Его род аль-Арайми был из племени бедуинов-полукочевников. Это племя проживало на востоке Омана, за Суром, в бесплодной холмистой местности, находя прибежище в деревеньках, раскиданных по оазисам и берегам пересыхающих рек. И все же некоторые люди из этого племени, в том числе и семья Камиса, жили неплохо, занимаясь торговлей и другим прибыльным бизнесом. Однако основная часть племени как кочевала, так и кочует. Зимой, с приходом северо-восточных муссонов, соплеменники Камиса направляются на побережье, где занимаются рыболовством, добывая акул, тунца и макрель. Они проводят время на берегу до смены ветра на юго-западный, который приносит штормы, делая рыбный промысел невозможным. В водах, где бедуины ловили рыбу вплоть до XIX столетия промышляли пираты, нападая на своих быстроходных суденышках на торговые корабли. Возможно, что и предки Камиса-флотского занимались пиратством. Да и сам Камис, облачи его в пиратский тюрбан и набедренную повязку, мог бы сойти за форменного корсара. У Камиса была типично арабская внешность: продолговатая голова с волнистыми волосами, черные миндалевидной формы глаза, небольшой нос с горбинкой, полные губы и начинающаяся со скул черная борода. Изображения таких лиц можно найти вырезанными на камнях саблями Южной Аравии, где, по преданию, располагалось легендарное королевство Офир и находились земли царицы Савской.
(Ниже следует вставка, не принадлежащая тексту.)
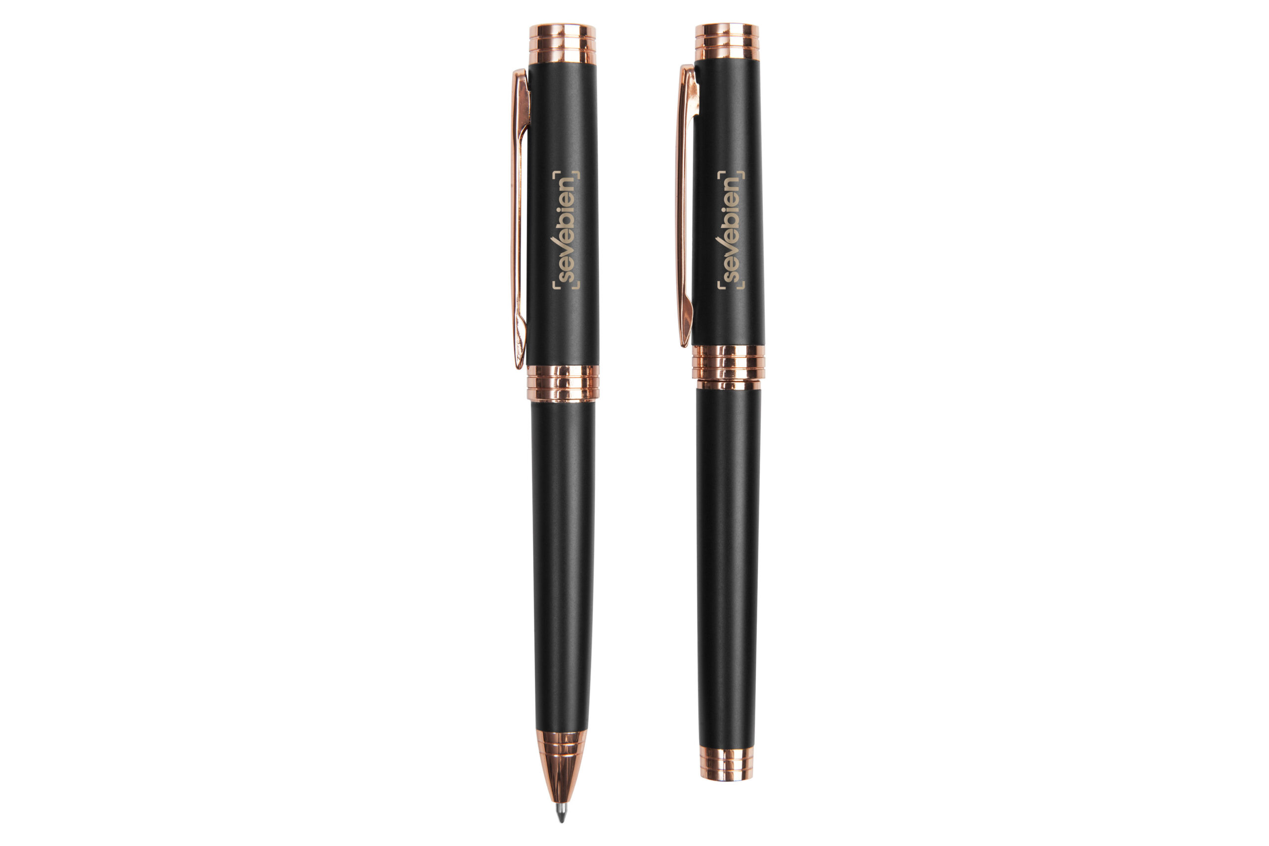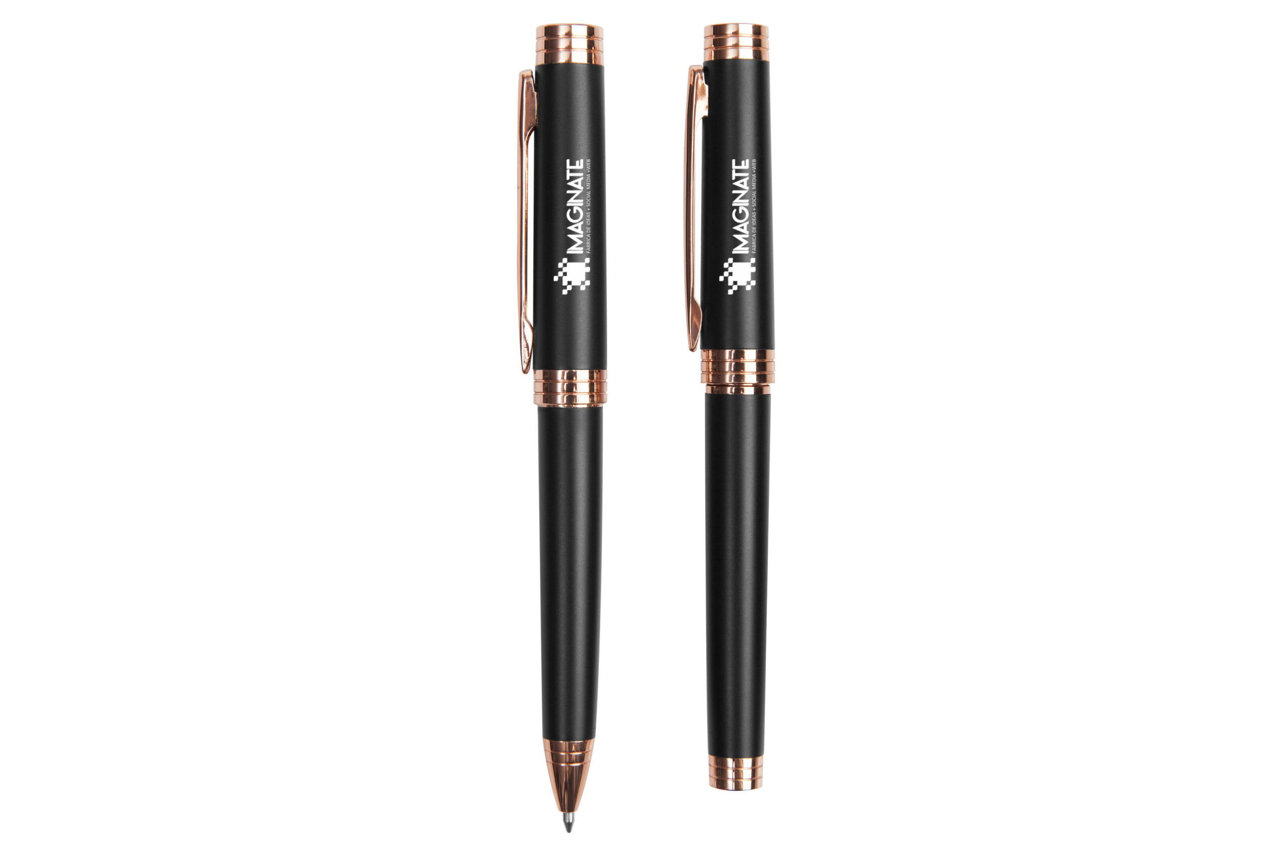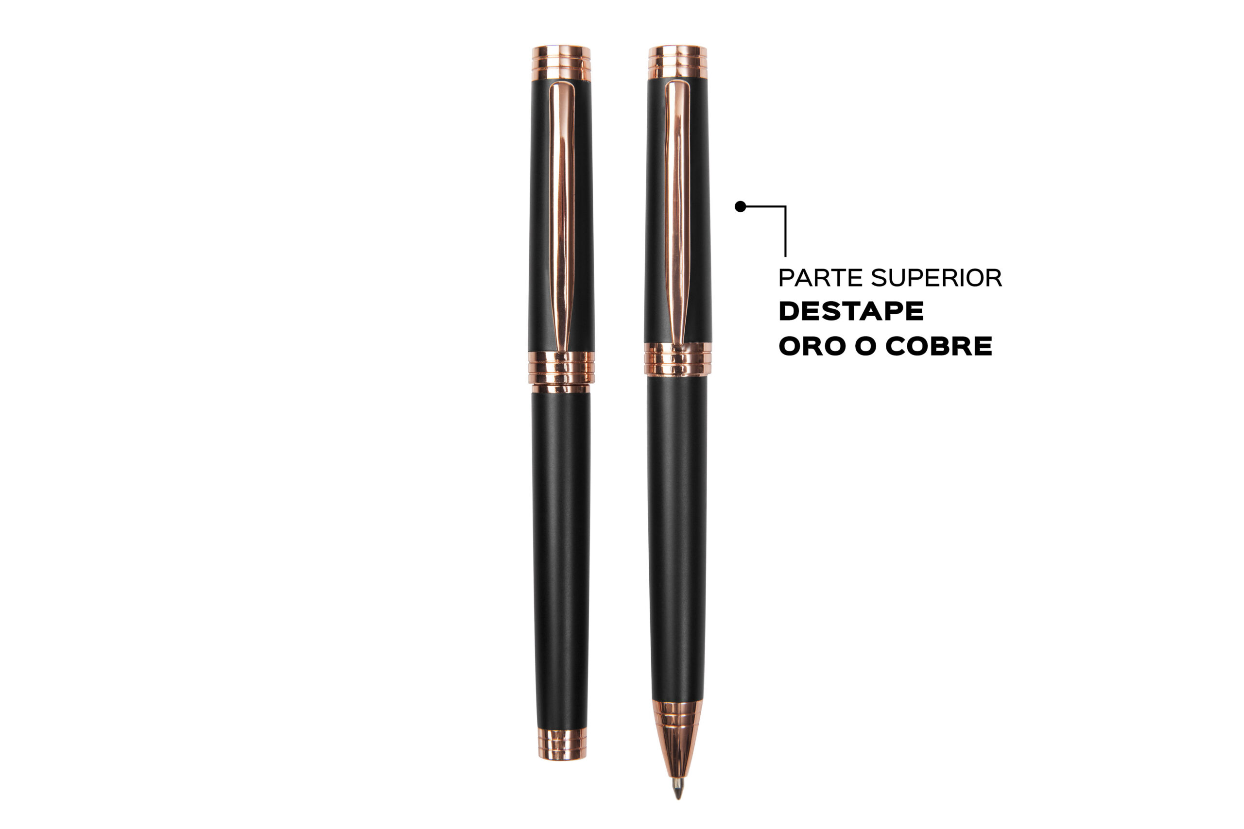 Metal. Set de bolígrafo y Rollerball. Cuerpo negro. Detalles en clip y punta color cobre. Decape electro cobre en la tapa para grabado láser, lo que permite que las letras o logo se vean en color cobre igual a los detalles del producto (grabado exclusivo en nuestro taller). Tinta azul. Presentación en caja de regalo.

Еще один офицер оманского флота стал членом моего экипажа. Звали его Мусалам. Это был красивый молодой человек тихого нрава, живший в Сувайке, небольшом городке севернее Маската. Оказалось, что он — племянник того старика, которого во время своего первого приезда в Оман я застал за изготовлением шаши. Мусалам, придя наниматься на мой корабль, привел с собой трех человек, своих земляков, державшихся поодаль, пока Мусалам со мной разговаривал. Я спросил у него, знают ли эти люди морское дело. Он уверил меня, что знают, ибо занимаются рыбным промыслом, а случалось, совершали и дальние переходы на корабле. Ответ мне показался расплывчатым, и я спросил, почему эти люди хотят отправиться в плавание.
— Они сейчас безработные, — сухо пояснил Мусалам и подозвал земляков.
Один из них — темнокожий, высокий и худощавый, — производил впечатление вялого, апатичного человека, чему способствовал небольшой физический недостаток: один его глаз был постоянно полуприкрыт, что придавало лицу сонное выражение. Не украшала этого земляка Мусалама и замызганная дишдаша. Удивительно, но звали его Джумаил, что значит «красивый».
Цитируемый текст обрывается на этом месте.